# Kindle 2 keeps restarting



## mowog74 (Dec 11, 2010)

I have a Kindle 2 that was dormant in a drawer for a couple of months while I did most of my reading on my iPhone. I went to charge up the Kindle the other day and as soon as the battery got some charge the Kindle went into this endless reboot cycle. I see the "Your Kindle is starting up" message, then the screen flashes black and white as usual, and the boot progress bar appears. But the progress bar only gets about 20% of the way across and the screen flashes again and I go back to "Your Kindle is starting up." This repeats over and over, never stopping (unless I take it off the charger and the battery dies completely some hours later).

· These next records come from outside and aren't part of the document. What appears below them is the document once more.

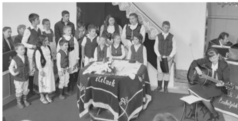
A gyülekezet kórusa és gyermekcsoportja is színesítette előadásával az ünnepi programot

Nt. Bíró István is köszönetet mondott a márkodiaknak, hogy együtt dicsérhetik az Úr nevét, illetve e szép hajlék látogatására buzdította a híveket. Az egyházkerület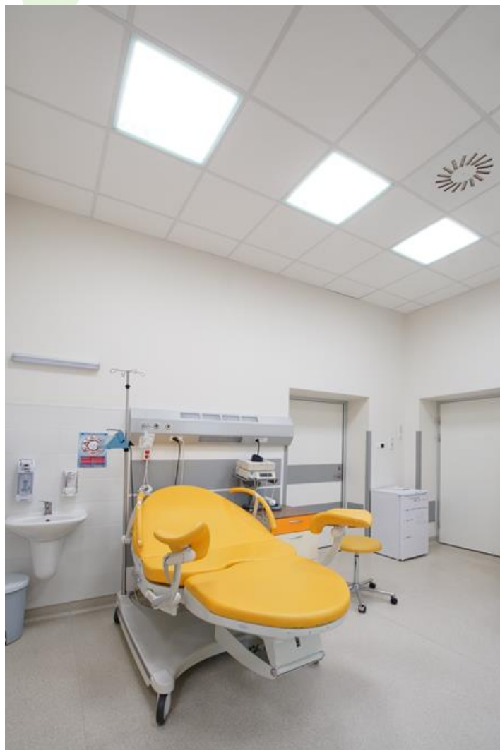
Maternity ward, Hospital in Goleniów

Luminary dedicated for the clean rooms of increased cleanliness class ISO 5-6. Luminary designed to module suspended ceilings, equipped with highly efficient LED panels. Luminary body made from steel sheet, powder coated in white. Its characteristic feature is lack of aluminum frame what allows to exclude the unwished-for contamination in clean rooms. There are no visible elements joining the diffuser and the luminary body.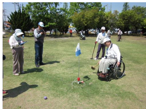
↑春に開催されたグランドゴルフ大会。 ファインプレーに大盛り上がり！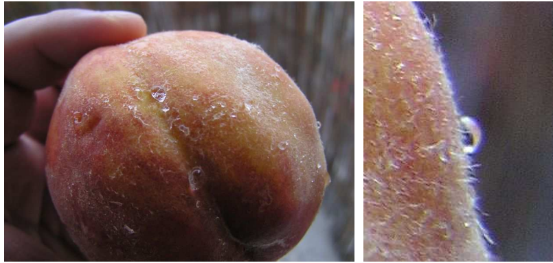
6. ábra: Vízcseppek a barackon

a lótosz levelének teljesítményétől elmarad. A barackot azért vizesre lehet mosni, ha a kezünkkel segítünk legyőzni a szőröcskéket.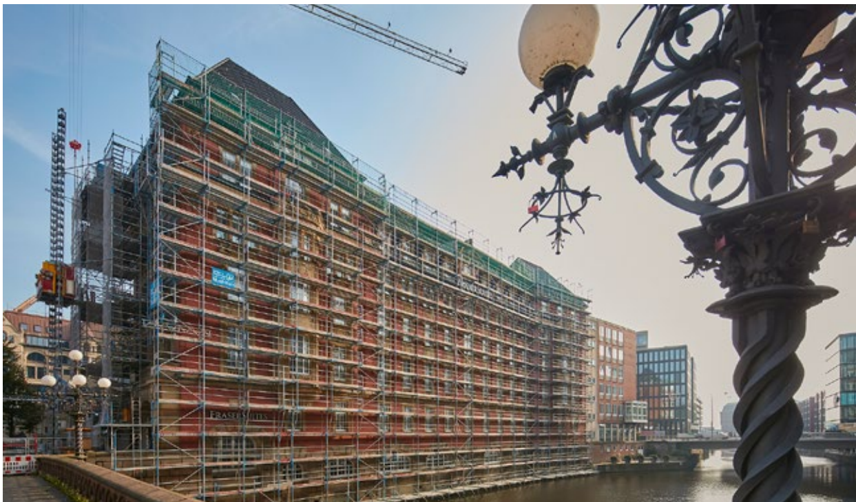
Gerüstbau in Hamburg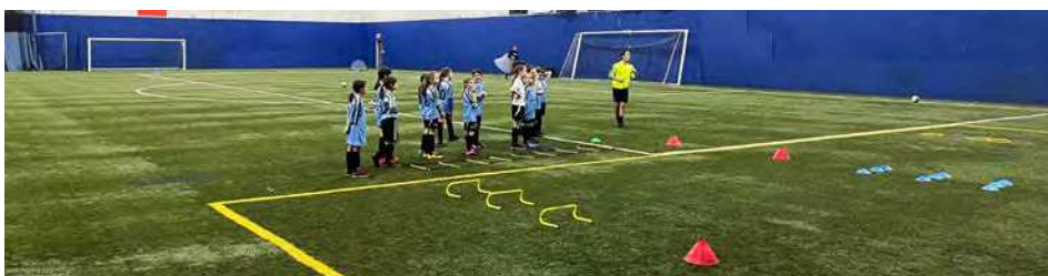
Les joueurs du club encadrent les plus jeunes.

il nous faut un terrain couvert l'hiver. C'est une obligation. » Mais ce n'est pas tout. Le club se structure et le staff s'organise avec des entraîneurs diplômés. « Le ratio entraîneur/joueur est important. Nous comptons suffisamment de coaches actuellement. Certains sont encore jeunes et, ce qui est important pour moi, demeurent des joueurs dans les autres équipes du club. Ils connaissent la réalité du terrain. Le club se charge de les former aussi à l'interne. On veut démontrer ce que l'on sait faire. »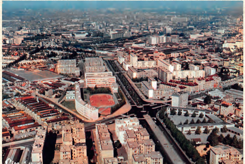
Le quartier des États Unis à Lyon vers 1970.

Depuis, de nouvelles balades ont vu le jour : en 2017, « la Médiathèque au cœur du Centre-ville », en 2018, en collaboration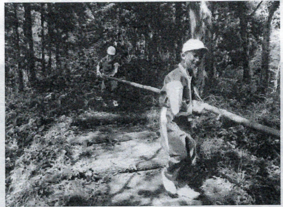
竹を切り運び出す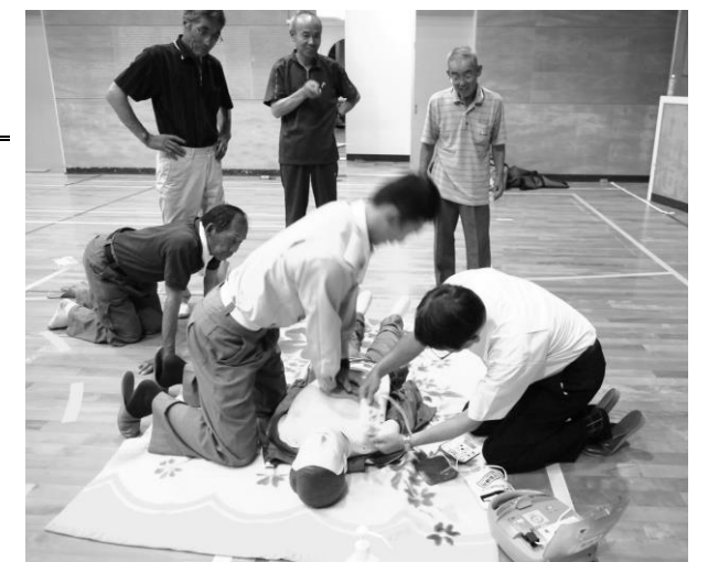
[講師] 養父消防署職員

〔と き〕 6月24日(土) 夜 7時30分~9時 〔ところ〕 出合コミュニティスポーツセンター 体育館 〔内容〕 心肺蘇生法、AEDの使用法 ほか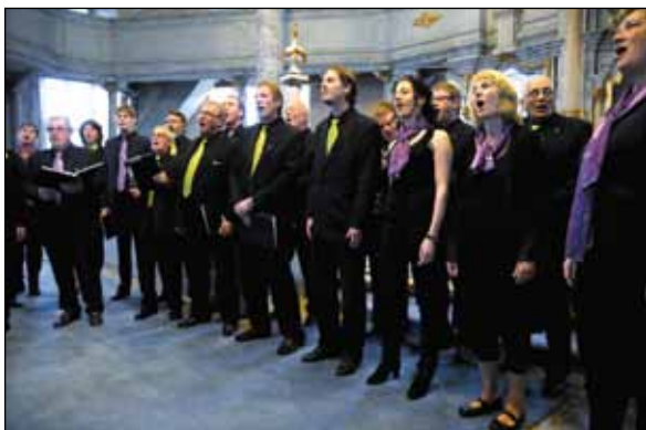
Tretten Sangkor.

If I hold the home key down while it's trying to boot, I go straight to the "reset to factory defaults" screen (not straight into recovery mode, which I believe is what's supposed to happen). I've done this hard reset several times. Upon doing the hard reset, the Kindle then boots into recovery mode. From there I'm able to see the device on my computer and copy files to it, so I've tried updating to a freshly downloaded copy of the firmware. I used the instructions here: http://blogkindle.com/2009/03/kindle-2-recovery-mode/, both using the "1" key to update immediately and also just pressing "R" to restart. Neither gives any indication that the update has actually been applied, I just go right back into the same endless reboot cycle as before.

I talked to Kindle CS about this and they suggested the battery might be to blame, so I bought a replacement battery and have just installed it, and I'm still seeing the same behavior even after yet another hard reset and firmware update attempt. At this point I'm about ready to call it dead, although it seems such a shame since nothing really seems broken except the software! Does anyone have any other ideas? Thanks!

Mike


----------



## pidgeon92 (Oct 27, 2008)

I haven't heard this problem described before... I suggest you create the same thread on the MobileRead Kindle forums, where people with a lot of technical expertise hang out....


----------



## mowog74 (Dec 11, 2010)

Thank you!  I've posted over there and we'll see if anything comes up.


----------



## LauraElizabeth (Mar 19, 2010)

I had this problem last year with my Kindle2 (it was a replacement).....

They eventually had me to a factory restart which of course means you lose all your books and have to download them again but I did that and it worked. It has never done it again in about six month.


----------



## pidgeon92 (Oct 27, 2008)

Unless I'm misreading the OP's post, it appears that they have done the factory reset multiple times.


----------



## mowog74 (Dec 11, 2010)

Indeed I have, probably a dozen or so times at this point.  Thanks anyway though!


----------